FIG. 1 is a sectional view schematically showing a varistor according to an embodiment of the present invention. FIG. 2 is a circuit diagram of an apparatus for measuring V ₁ , α, ΔV _1P , Δα _P. FIG. 3 is a circuit diagram of the surge applying device. 1 ... Porcelain, 2, 3 ... Silver electrode, 4 ... Varistor, 5 ...
DC constant current source, 6 ... ammeter, 7 ... voltmeter, 8 ... DC constant voltage power supply, 9 ... voltmeter, 10 ... resistance, 11 ... single pole double throw switch, 11a, 11b ... Contact, 12 ... Capacitor.

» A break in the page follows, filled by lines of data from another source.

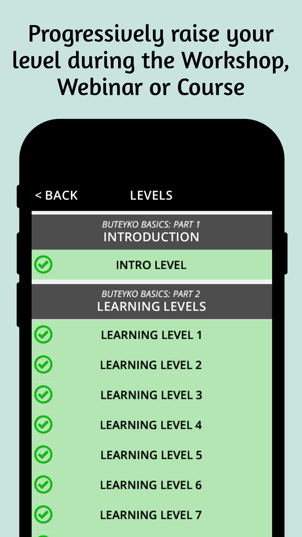 An activated user account is required to use all features of the app. Participants to the complete workshop, course or webinar receive a fully upgraded user account which opens up all features and levels of the app. More info at www.ButeykoBreathing.com.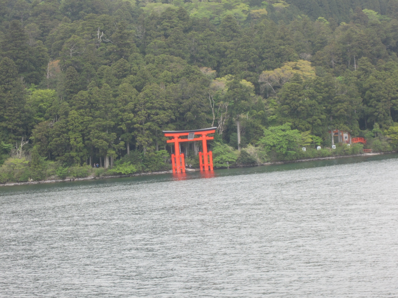 船から箱根神社 平和の鳥居を見ようと甲板の席を取ったら反対側・・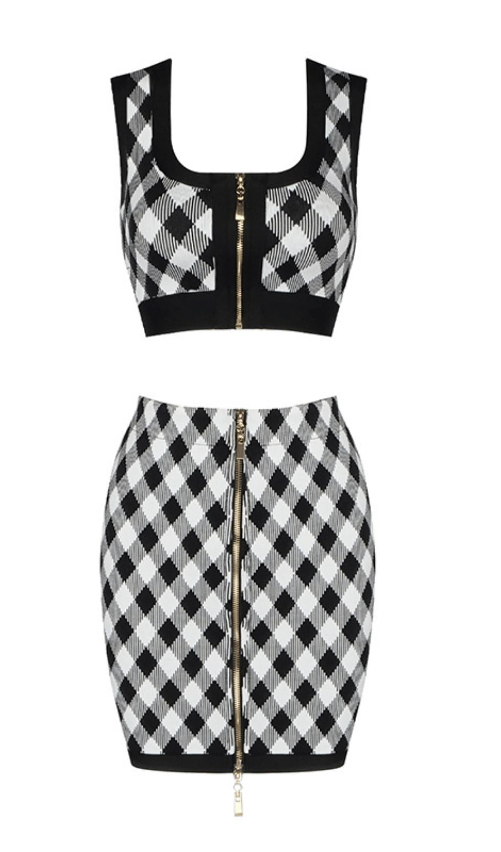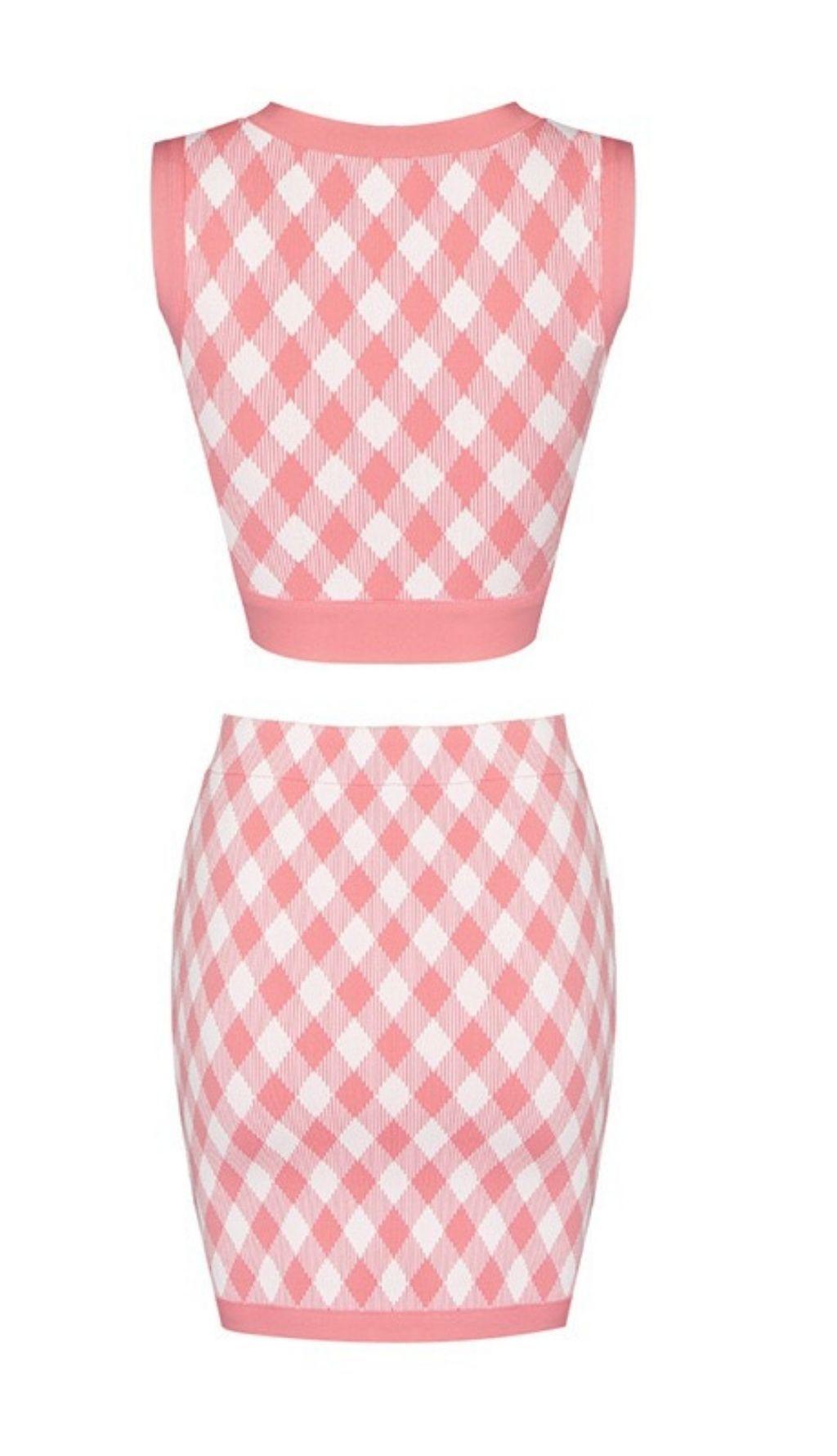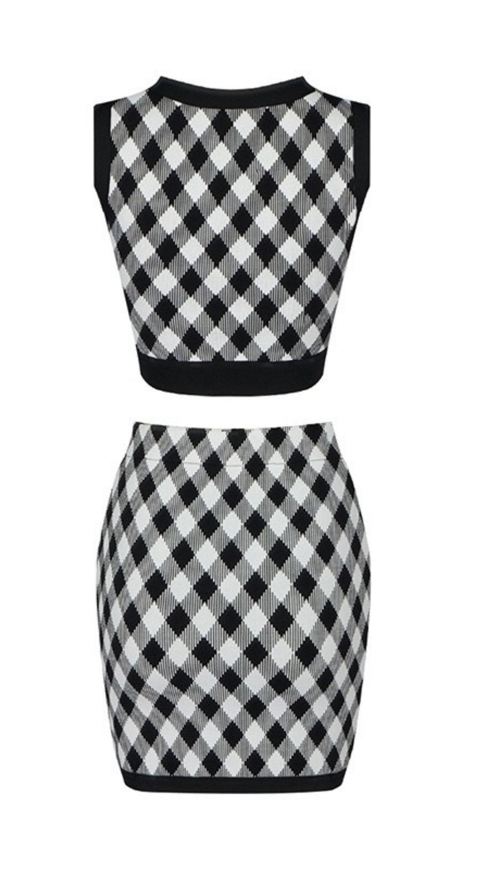 Geometric pattern skirt suit

 ─────────────────────────────────────────────────── ─── Continued Front Page (72) Inventor Norimasa Sakamoto 1-13-1 Nihonbashi, Chuo-ku, Tokyo TDK Corporation (72) Inventor Takeyuki Kaji 1-13-1 Nihonbashi, Chuo-ku, Tokyo TDK Incorporated (72) Inventor Toshio Marui 1-13-1 Nihonbashi, Chuo-ku, Tokyo TDK Corporation

Claims (2)

(57) [Claims] 1. Nb ₂ O ₅ , WO ₃ , La based on 100 parts by weight of SrTiO _3.
2 O ₃ , CeO ₂ , Nd ₂ O ₃ , Pr ₆ O ₁₁ , Y ₂ O ₃ , Eu ₂ O ₃ and at least one metal oxide selected from the group consisting of Sm ₂ O ₃ 0.005 to
5.0 parts by weight, SiO ₂ 0.005-5.0 parts by weight, Li ₂ O, K ₂ O, Cs ₂ O
And 0.005 to 2.5 parts by weight of at least one metal oxide selected from the group consisting of Rb ₂ O, and a voltage non-linear resistor porcelain composition. 2. Nb ₂ O ₅ , WO ₃ , La based on 100 parts by weight of SrTiO _3.
2 O ₃ , CeO ₂ , Nd ₂ O ₃ , Pr ₆ O ₁₁ , Y ₂ O ₃ , Eu ₂ O ₃ and at least one metal oxide selected from the group consisting of Sm ₂ O ₃ 0.005 to
5.0 parts by weight, SiO ₂ 0.005-5.0 parts by weight, Li ₂ O, K ₂ O, Cs ₂ O
And 0.005 to 2.5 parts by weight of at least one metal oxide selected from the group consisting of Rb ₂ O and CoO, Cr ₂ O ₃ , NiO, Fe ₂ O ₃ , Sb
_{2 O 3, Bi 2 O 3} , MnO and Al ₂ O ₃ that it contains at least one metal oxide from 0.01 to 5.0 parts by weight is selected from the group consisting of wherein to nonlinear resistor of Body porcelain composition.